Unless otherwise noted, all seminars are held on Wednesdays in the College of Computing Building (Room 016) at 3 p.m. Refreshments are served at 2:30 p.m. outside Room 016.
Robert Hazen, Carnegie Center
“Chance, Necessity, and the Origins of Life”
Earth’s 4.5 billion year history is a complex tale of deterministic physical and chemical processes, as well as "frozen accidents." This history is preserved most vividly in mineral species, as explored in new approaches called "mineral evolution" and "mineral ecology."
This lecture will explore possible roles of mineral surfaces in life’s origins, including molecular synthesis, protection, selection, concentration, and templating. We find that Earth's changing near-surface mineralogy reflects the co-evolving geosphere and biosphere in a variety of surprising ways that touch on life's origins. Recent research adds two important insights to this discussion. First, chance versus necessity is an inherently false dichotomy when considering the possibility of life on other worlds—a range of probabilities exists for many natural events. Second, given the astonishing combinatorial chemical richness of early Earth, chemical events that are extremely rare may, nevertheless, be deterministic on time scales of a billion years.

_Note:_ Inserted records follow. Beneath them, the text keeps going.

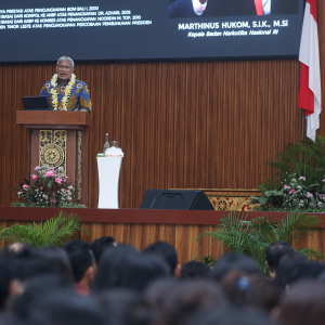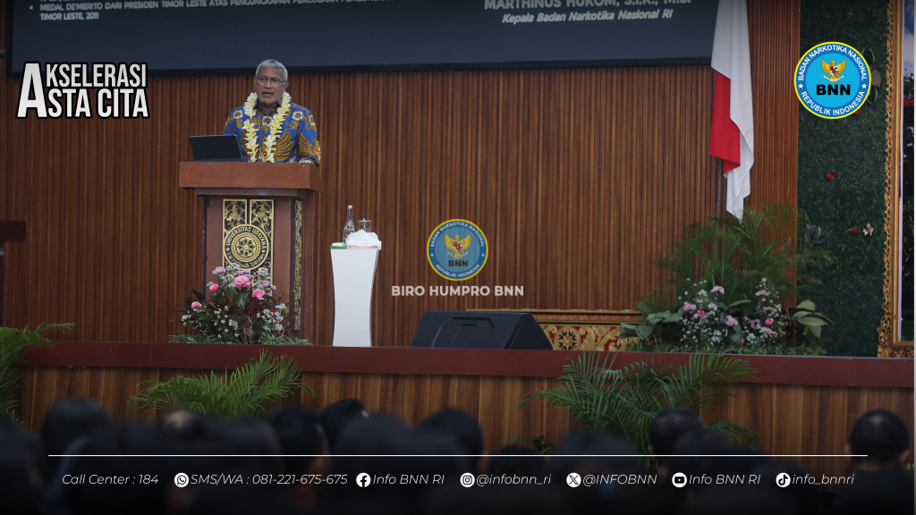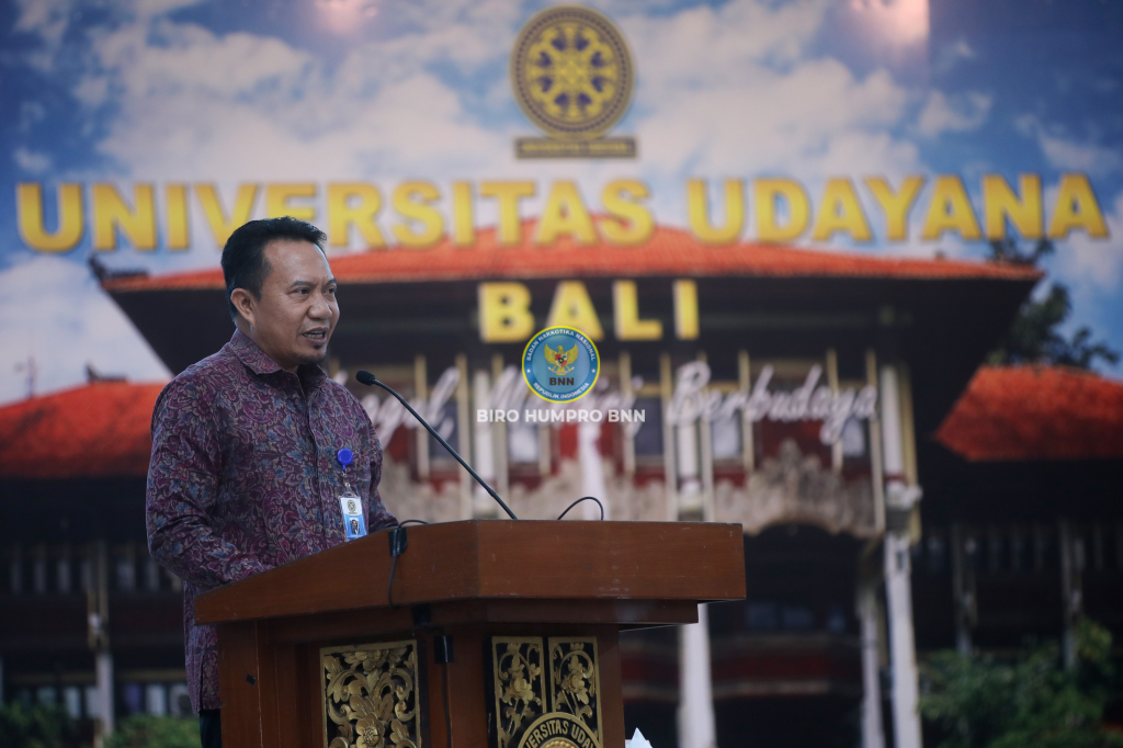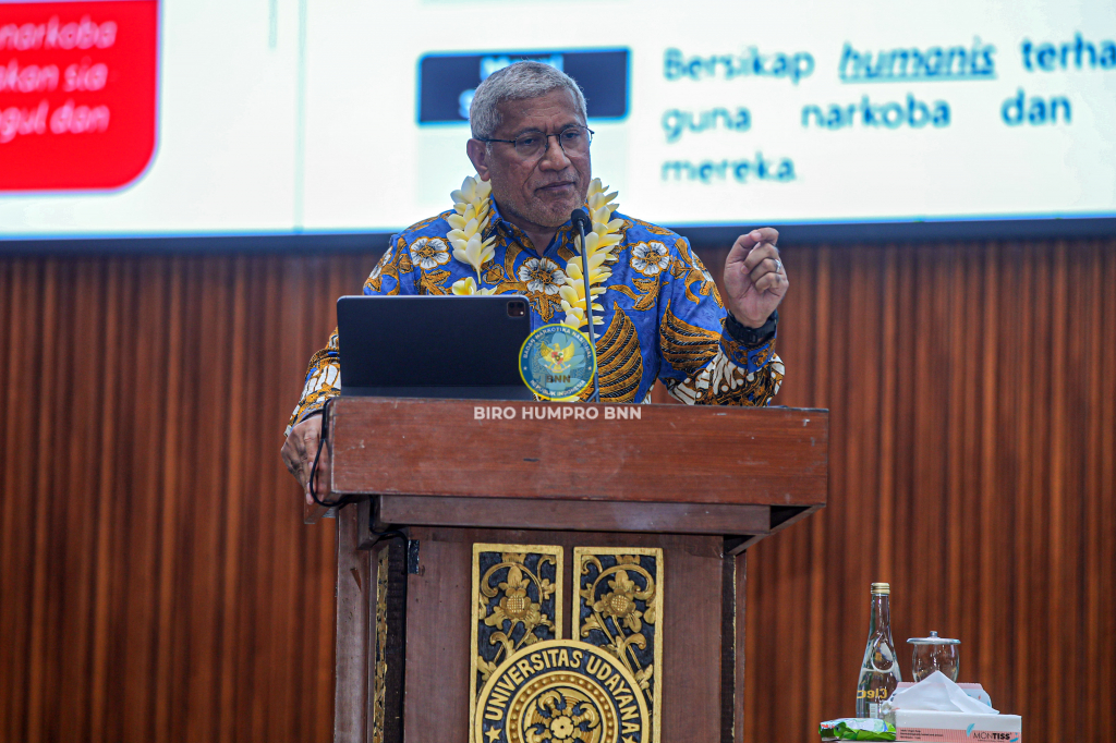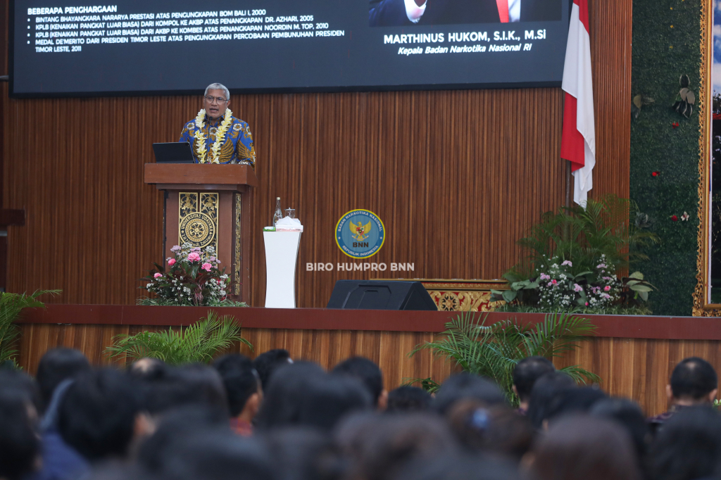 Kepala BNN RI, Marhinus Hukom, S.I.K., M.Si., memberikan kuliah umum di depan ratusan mahasiswa se Provinsi Bali di Universitas Udaya, Bali, Selasa (15/7).
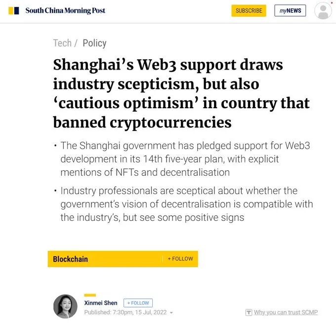 - 上海已提议支持领先企业探索NFT交易平台,以促进资产数字化。
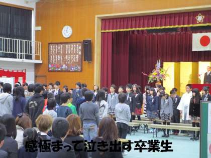 門出の言葉は,盛り上がりが最高潮!感極まって泣き出す卒業生が続出。
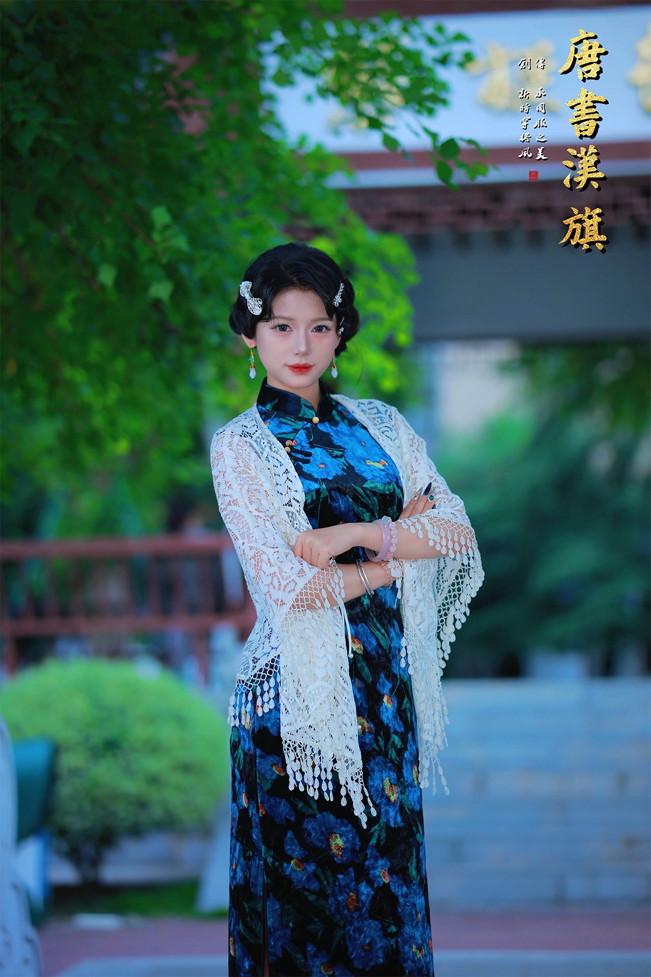 【青蕊花韵】甄选质感丝绒面料,复古无袖设计搭配经典立领,蓝底繁花图案雅致吸睛,将民国风情与现代审美巧妙融合。修身剪裁尽显曼妙身姿
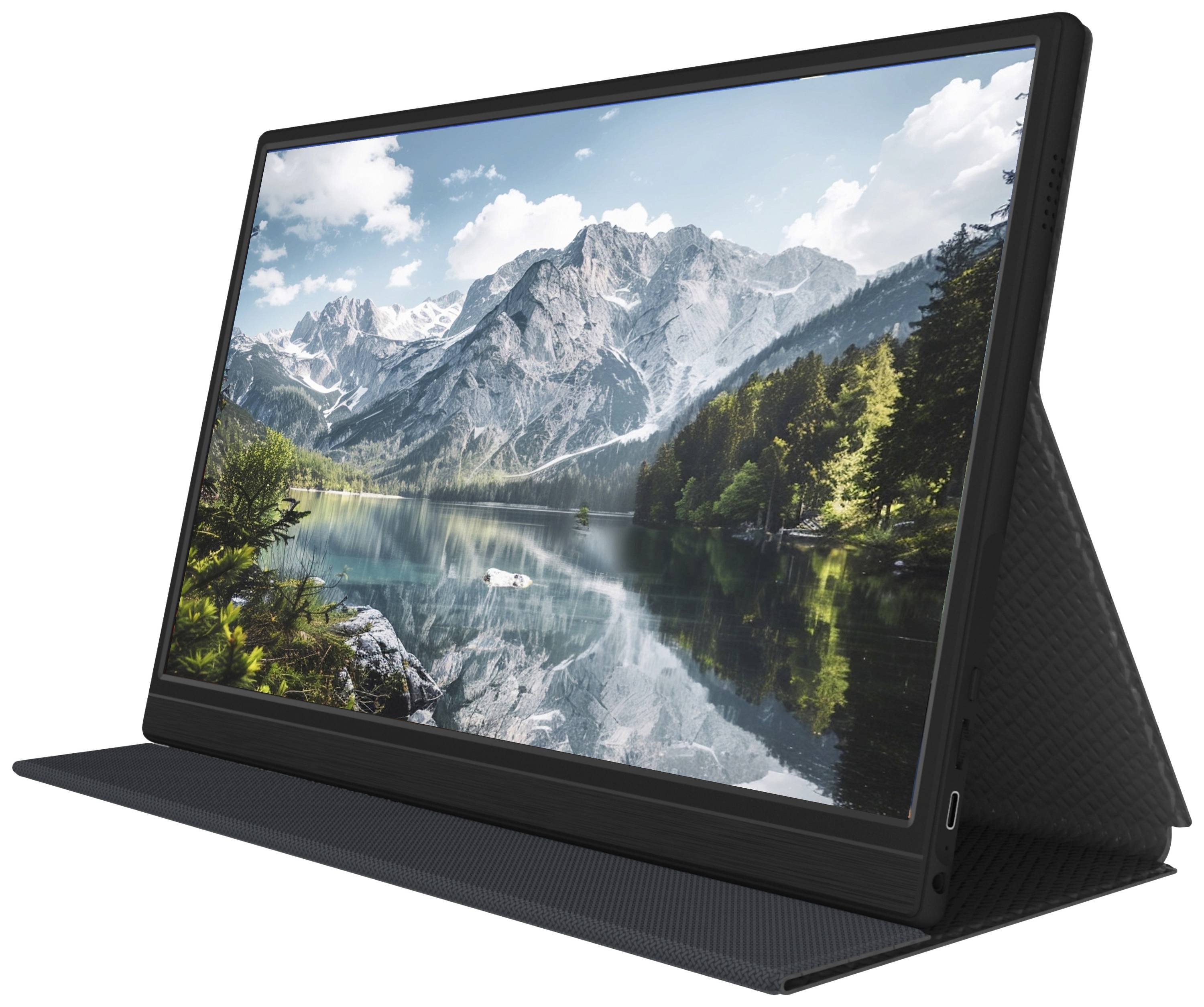 Tragbarer 15,6-Zoll-FULL-HD-Monitor mit schwarzer Abdeckung, die auch als magnetischer Ständer dient.

Robert M. Hazen, Senior Staff Scientist at the Carnegie Institution’s Geophysical Laboratory and Clarence Robinson Professor of Earth Sciences at George Mason University, received the B.S. and S.M. in geology at the Massachusetts Institute of Technology and the Ph.D. at Harvard University in earth science. He is author of 400 scientific articles and 25 books, including Genesis: The Scientific Quest for Life’s Origin (National Academy Press, 2005) and The Story of Earth (Viking-Penguin, 2012). A former President of the Mineralogical Society of America and winner of awards for research, science communications, and teaching, Hazen’s recent research focuses on the varied roles of minerals in the origin of life, the co-evolution of the geo- and biospheres, the development of complex systems, and the application of “big data” to understanding mineral diversity and distribution. He is active in national science education policy; with coauthor James Trefil he contributed to the National Science Education Standards and wrote the best-selling Science Matters: Achieving Scientific Literacy (Doubleday, 1991) and The Sciences: An Integrated Approach (Wiley, 1995). He is also Executive Director and Principal Investigator of the Deep Carbon Observatory, a 10-year project to study the chemical and biological roles of carbon in Earth’s interior, sponsored by the Alfred P. Sloan Foundation and the Carnegie Institution. Hazen is active in presenting science to nonscientists through writing, radio, TV, public lectures, and video courses. In 2016 Hazen retired after a 40-year career as a professional symphonic trumpeter.